Source material START
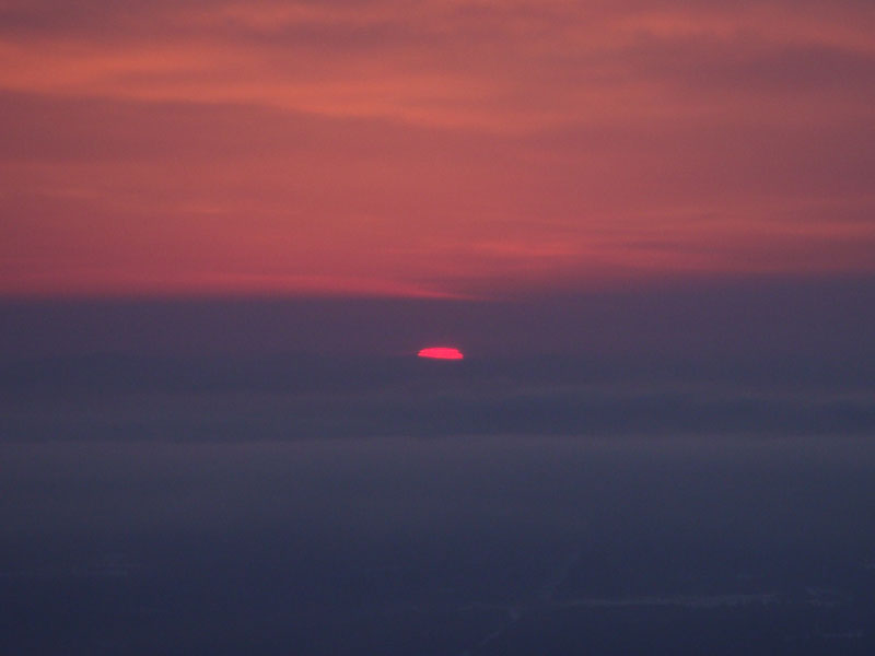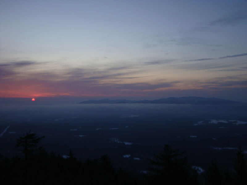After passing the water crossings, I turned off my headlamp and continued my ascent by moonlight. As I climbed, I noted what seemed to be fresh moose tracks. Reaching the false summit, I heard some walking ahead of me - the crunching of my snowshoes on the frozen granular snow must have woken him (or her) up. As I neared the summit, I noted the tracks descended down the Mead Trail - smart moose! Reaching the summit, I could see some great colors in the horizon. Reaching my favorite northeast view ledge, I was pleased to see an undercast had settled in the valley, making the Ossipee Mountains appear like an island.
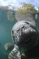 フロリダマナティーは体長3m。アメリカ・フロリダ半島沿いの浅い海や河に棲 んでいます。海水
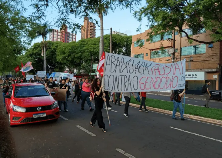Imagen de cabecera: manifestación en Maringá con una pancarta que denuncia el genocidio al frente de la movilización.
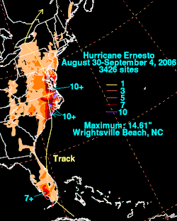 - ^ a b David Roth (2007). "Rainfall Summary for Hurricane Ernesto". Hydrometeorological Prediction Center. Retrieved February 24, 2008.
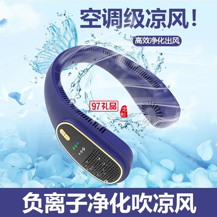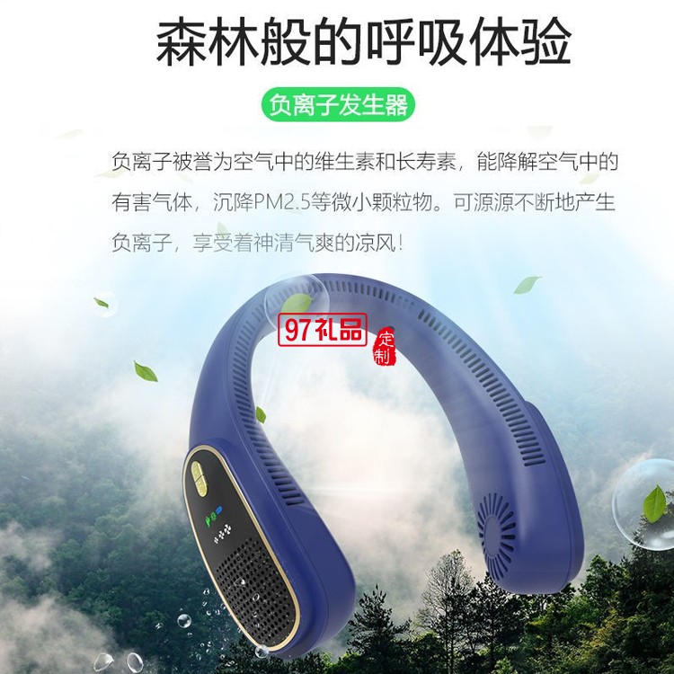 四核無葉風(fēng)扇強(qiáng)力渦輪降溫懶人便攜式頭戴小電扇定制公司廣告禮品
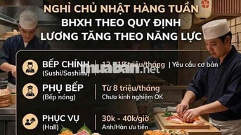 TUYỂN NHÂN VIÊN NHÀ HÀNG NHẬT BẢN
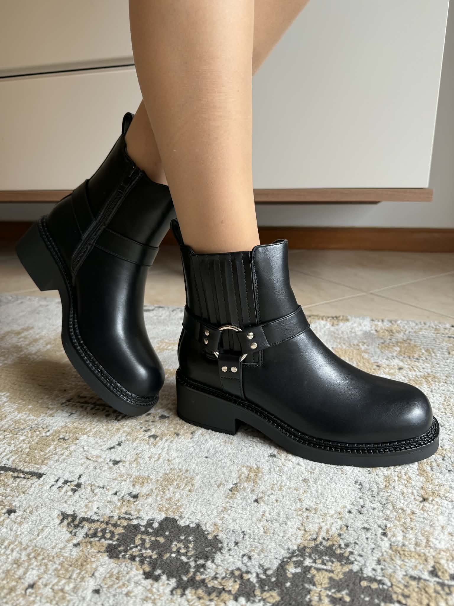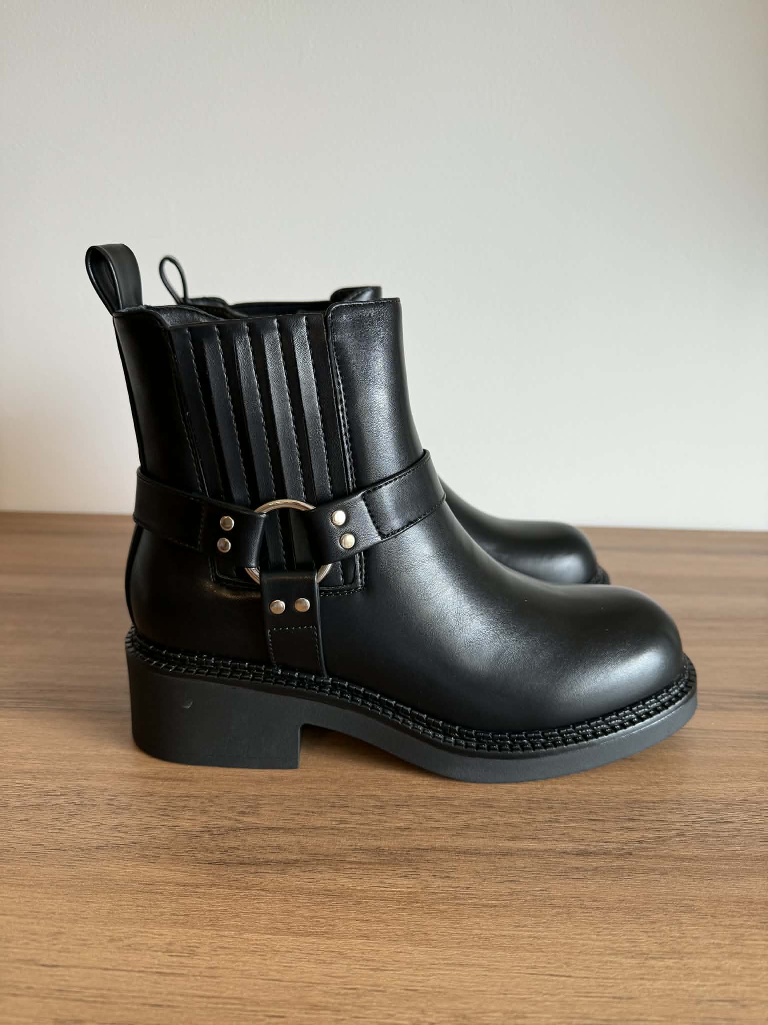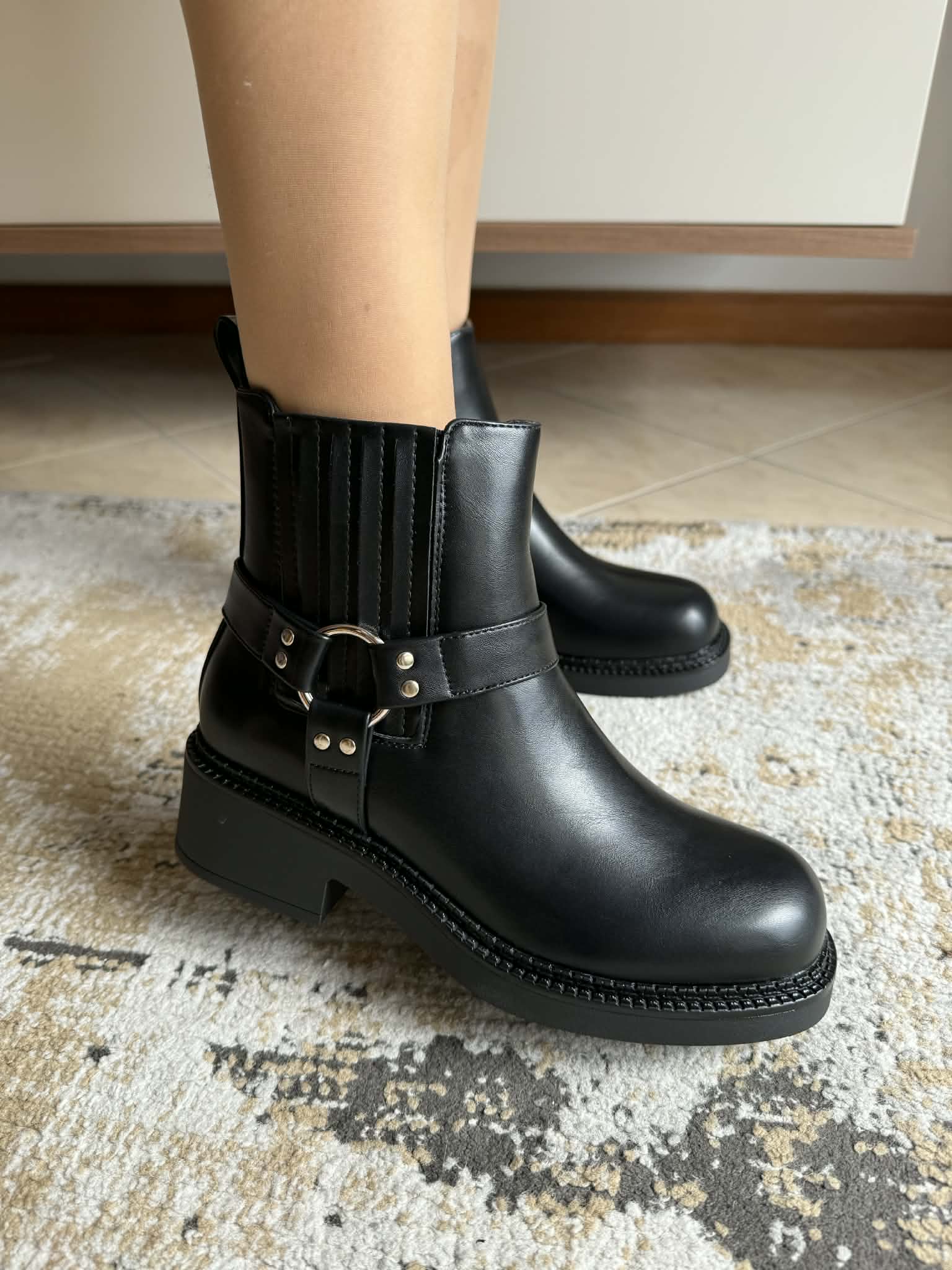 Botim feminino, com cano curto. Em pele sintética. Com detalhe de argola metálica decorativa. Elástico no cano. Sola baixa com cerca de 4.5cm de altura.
Source material END
Source material START
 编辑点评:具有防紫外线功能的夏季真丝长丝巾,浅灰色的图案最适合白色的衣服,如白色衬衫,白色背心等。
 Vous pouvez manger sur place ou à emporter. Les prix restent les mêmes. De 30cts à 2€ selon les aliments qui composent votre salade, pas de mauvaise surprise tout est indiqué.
Source material END
Exercise prompt:
Going by the entries above, repeat exactly the lines that start at the line with "Imagen de cabecera: manifestación" and go on through the line with "Botim feminino, com". Pictures are not part of the copy.

Result of the exercise:
Imagen de cabecera: manifestación en Maringá con una pancarta que denuncia el genocidio al frente de la movilización.
 - ^ a b David Roth (2007). "Rainfall Summary for Hurricane Ernesto". Hydrometeorological Prediction Center. Retrieved February 24, 2008.
 四核無葉風(fēng)扇強(qiáng)力渦輪降溫懶人便攜式頭戴小電扇定制公司廣告禮品
 TUYỂN NHÂN VIÊN NHÀ HÀNG NHẬT BẢN
 Botim feminino, com cano curto. Em pele sintética. Com detalhe de argola metálica decorativa. Elástico no cano. Sola baixa com cerca de 4.5cm de altura.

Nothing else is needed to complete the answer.